Way back when in your grandmother's day, there were two steamships owned by the New York and Miami Steamship Corporation, they were S/S Iroquois and S/S Shawnee.  On a very foggy morning in July something happened to one of them, something that is now legendary.

It was early in the morning on July 13th 1936, a little over three years before the start of World War II, and the S/S Iroquois was loaded with sleepy passengers who had just spent the day and night prior enjoying all that Bar Harbor had to offer at the time.  Much like it is now, the tourists from all over had enjoyed a lobster dinner, music and dancing, and a good night's sleep within the luxury suites aboard the steamer S/S Iroquois, a passenger liner 408 feet long and 62 feet wide with twin steam driven turbines capable of driving the ship up to 19 knots.

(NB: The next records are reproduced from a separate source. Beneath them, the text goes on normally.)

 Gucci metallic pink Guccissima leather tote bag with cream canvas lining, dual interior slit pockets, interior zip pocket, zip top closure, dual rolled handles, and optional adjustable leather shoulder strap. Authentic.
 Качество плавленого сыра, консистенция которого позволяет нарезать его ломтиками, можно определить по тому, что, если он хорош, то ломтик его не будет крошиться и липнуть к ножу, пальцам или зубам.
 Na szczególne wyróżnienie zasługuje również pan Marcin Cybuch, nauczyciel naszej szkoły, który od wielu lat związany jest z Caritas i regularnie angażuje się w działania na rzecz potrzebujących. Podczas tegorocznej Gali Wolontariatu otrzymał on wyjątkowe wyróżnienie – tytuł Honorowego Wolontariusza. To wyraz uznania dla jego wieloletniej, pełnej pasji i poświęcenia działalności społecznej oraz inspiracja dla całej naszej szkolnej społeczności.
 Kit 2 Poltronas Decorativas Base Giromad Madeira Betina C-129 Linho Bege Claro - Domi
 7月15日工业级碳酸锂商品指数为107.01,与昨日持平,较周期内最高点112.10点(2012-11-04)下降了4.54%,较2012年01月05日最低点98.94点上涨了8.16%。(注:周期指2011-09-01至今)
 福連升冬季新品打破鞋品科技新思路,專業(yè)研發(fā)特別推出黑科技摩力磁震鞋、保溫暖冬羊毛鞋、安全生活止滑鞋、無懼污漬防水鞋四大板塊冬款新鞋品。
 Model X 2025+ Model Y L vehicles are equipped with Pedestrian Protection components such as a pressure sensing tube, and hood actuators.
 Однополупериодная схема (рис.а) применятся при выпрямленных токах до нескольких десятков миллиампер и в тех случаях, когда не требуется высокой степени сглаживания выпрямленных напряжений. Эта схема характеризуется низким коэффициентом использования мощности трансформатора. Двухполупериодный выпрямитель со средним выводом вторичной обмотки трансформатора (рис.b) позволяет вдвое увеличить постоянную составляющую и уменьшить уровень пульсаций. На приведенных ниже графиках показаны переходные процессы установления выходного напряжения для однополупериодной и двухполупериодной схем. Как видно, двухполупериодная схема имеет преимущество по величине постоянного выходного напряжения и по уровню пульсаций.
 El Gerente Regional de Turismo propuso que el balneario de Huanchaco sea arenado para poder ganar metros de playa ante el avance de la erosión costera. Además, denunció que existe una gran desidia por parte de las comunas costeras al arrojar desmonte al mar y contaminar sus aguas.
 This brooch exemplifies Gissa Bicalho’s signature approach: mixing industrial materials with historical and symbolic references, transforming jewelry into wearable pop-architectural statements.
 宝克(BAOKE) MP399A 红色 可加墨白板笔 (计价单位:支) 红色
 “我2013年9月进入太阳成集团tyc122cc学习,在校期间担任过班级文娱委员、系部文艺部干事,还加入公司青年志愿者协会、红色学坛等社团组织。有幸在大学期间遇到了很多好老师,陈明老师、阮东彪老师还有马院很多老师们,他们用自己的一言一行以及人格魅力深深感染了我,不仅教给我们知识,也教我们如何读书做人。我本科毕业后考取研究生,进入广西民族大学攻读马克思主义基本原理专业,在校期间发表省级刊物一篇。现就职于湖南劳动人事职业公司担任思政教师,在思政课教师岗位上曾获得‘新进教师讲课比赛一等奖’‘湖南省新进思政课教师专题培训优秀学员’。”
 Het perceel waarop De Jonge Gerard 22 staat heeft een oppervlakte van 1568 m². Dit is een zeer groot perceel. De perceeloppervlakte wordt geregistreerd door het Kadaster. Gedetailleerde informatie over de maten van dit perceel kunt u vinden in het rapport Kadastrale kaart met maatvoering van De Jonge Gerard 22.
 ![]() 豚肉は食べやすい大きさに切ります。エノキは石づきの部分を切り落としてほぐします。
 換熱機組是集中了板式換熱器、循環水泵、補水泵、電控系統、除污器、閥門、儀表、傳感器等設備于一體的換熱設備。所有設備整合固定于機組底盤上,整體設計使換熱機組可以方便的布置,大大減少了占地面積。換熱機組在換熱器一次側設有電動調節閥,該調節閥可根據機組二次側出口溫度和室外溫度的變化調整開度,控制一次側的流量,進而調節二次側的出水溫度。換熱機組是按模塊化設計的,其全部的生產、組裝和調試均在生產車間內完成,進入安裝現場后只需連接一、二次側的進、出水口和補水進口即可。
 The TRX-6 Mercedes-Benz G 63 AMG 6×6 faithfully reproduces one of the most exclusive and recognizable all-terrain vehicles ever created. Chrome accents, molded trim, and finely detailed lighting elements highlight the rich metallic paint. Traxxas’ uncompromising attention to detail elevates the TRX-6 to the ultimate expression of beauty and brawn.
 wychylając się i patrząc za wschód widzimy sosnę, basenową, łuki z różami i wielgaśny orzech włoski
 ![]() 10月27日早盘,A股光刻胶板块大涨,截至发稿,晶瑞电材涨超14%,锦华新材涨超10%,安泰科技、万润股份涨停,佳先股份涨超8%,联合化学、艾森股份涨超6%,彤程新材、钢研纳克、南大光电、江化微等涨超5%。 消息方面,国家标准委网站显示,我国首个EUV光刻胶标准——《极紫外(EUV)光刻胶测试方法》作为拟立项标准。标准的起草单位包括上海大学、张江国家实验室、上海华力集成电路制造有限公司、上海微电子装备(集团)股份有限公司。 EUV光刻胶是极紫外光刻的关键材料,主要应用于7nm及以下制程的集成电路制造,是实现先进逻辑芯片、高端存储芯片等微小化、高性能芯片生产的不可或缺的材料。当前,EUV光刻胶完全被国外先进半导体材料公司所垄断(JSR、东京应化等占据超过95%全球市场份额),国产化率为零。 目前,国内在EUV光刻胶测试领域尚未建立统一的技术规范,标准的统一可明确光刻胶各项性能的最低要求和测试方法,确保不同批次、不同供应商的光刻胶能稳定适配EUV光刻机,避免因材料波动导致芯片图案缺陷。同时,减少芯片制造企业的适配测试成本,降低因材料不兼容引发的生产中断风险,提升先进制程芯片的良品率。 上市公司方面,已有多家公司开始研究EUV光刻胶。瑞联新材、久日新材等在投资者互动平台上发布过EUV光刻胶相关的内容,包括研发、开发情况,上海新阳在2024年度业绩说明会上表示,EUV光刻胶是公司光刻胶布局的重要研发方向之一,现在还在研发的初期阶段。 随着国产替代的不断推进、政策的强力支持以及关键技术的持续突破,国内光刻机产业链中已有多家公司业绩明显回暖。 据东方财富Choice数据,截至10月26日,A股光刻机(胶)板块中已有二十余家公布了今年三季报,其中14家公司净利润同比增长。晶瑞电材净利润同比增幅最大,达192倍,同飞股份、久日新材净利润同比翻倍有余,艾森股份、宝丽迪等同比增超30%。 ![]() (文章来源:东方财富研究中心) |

The ship departed that morning for New York City with Captain Walter Hammond at the helm, but as it made it's way from the mainland and into a very foggy Mount Desert Narrows it came to an abrupt and very loud stop as it's stern rammed into the rocky shoreline of Bald Porcupine Island.

Things didn't look all that bad at first but then the tide went out, and there sat the S/S Iroquois beached high above the gravel.

Local Bar Harbor photographer Sewall Wesley Brown, a legend in his own right, took the photograph below that shows the bewildered passengers and crew looking out over the stern, probably wondering what would happen next.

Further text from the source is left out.